IV. Freedom of Expression Violation (First Amendment Claim)
Plaintiff "noted" his freedom of expression was violated when he was subjected to programs/classes which were not court ordered. Dkt. 7, p. 4. Plaintiff does not explain how the programs/classes restricted his freedom of speech or expression. Id. Further, Plaintiff was required to complete the classes to be released into general population; he does not allege the classes were part of his punishment. Id. Plaintiff has not pled any facts showing that his speech or freedom of expression was restricted. Accordingly, the Court recommends Defendants' Motion be granted as to Plaintiff's freedom of expression claim. See Jones v. Community Development Agency, 733 F.2d 646, 649 (9th Cir. 1984) (vague and mere conclusory allegations unsupported by facts are not sufficient to state section 1983 claims).
V. Ex Post Facto Clause Violation (Article I Constitution)
Plaintiff also alleges Defendants violated the Ex Post Facto Clause when they required Plaintiff to take classes, which were not court ordered, to be released from administrative segregation. Dkt. 7, pp. 4-5. "Article I of the United States Constitution provides that the states may not pass any ex post facto law." Young v. Weston, 898 F. Supp. 744, 751 (W.D. Wash. 1995). "One function of the Ex Post Facto Clause is to bar enactments which, by retroactive operation, increase the punishment for a crime after its commission." See Garner v. Jones, 529 U.S. 244, 249 (2000) (citing U.S. Const. art. I, § 10, cl. 1).
Plaintiff does not provide the Court with any laws or statutes which violated the Ex Post Facto Clause. He also does not allege his length of punishment increased. He alleges only that he was required to take classes before he could rejoin general population. Therefore, Plaintiff has not alleged a violation of the Ex Post Facto Clause. See Stewart v. Lehman, 129 F. App'x 357, 358 (9th Cir. 2005) (participating in an anger management class did not constitute an ex post facto law or otherwise violate the prisoner's due process rights). Accordingly, the Court recommends Plaintiff's ex post facto claim be dismissed.
CONCLUSION
Based on the foregoing, the undersigned recommends Defendants' Motion for Summary Judgment be granted and this case be closed.
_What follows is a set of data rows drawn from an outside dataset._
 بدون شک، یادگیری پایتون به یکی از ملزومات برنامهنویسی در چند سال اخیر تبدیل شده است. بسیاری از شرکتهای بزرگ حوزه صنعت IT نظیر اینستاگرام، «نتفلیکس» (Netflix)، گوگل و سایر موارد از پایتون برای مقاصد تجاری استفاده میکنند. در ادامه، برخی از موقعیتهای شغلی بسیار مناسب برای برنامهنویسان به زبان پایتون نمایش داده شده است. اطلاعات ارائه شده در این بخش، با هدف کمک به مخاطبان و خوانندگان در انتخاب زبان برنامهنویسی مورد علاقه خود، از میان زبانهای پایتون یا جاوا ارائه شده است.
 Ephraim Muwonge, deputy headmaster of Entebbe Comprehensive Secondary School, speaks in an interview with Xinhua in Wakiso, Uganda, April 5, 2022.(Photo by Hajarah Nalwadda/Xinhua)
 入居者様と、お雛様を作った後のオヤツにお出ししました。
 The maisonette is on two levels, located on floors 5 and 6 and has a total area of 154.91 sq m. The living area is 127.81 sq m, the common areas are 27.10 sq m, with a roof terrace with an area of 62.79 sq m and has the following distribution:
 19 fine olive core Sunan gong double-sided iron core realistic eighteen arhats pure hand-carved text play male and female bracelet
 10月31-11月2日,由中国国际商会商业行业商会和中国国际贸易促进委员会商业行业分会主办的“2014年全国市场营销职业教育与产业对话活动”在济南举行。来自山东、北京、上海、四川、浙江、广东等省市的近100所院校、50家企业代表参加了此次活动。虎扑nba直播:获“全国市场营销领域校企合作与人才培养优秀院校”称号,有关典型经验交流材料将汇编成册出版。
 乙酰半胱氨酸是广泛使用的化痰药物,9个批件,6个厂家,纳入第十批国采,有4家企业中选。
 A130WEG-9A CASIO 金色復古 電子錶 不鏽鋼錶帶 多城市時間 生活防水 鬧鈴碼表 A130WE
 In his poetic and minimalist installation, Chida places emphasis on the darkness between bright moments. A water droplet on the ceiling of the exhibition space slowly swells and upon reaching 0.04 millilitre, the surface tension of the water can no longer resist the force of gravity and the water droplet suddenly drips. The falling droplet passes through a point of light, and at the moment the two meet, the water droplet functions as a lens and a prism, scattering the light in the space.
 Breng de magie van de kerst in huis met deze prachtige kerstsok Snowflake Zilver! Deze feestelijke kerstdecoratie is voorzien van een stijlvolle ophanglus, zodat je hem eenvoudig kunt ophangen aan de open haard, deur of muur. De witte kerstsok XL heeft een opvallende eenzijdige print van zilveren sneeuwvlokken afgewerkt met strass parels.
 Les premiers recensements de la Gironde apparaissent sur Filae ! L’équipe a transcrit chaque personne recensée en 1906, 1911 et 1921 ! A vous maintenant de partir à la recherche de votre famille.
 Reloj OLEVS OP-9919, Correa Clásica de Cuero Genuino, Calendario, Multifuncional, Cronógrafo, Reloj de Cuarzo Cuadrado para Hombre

Pursuant to 28 U.S.C. § 636(b)(1) and Fed. R. Civ. P. 72(b), the parties shall have fourteen (14) days from service of this Report to file written objections. See also Fed. R. Civ. P. 6. Failure to file objections will result in a waiver of those objections for purposes of de novo review by the district judge. See 28 U.S.C. § 636(b)(1)(C). Accommodating the time limit imposed by Fed. R. Civ. P. 72(b), the clerk is directed to set the matter for consideration on October 21, 2016, as noted in the caption.
Dated this 4th day of October, 2016.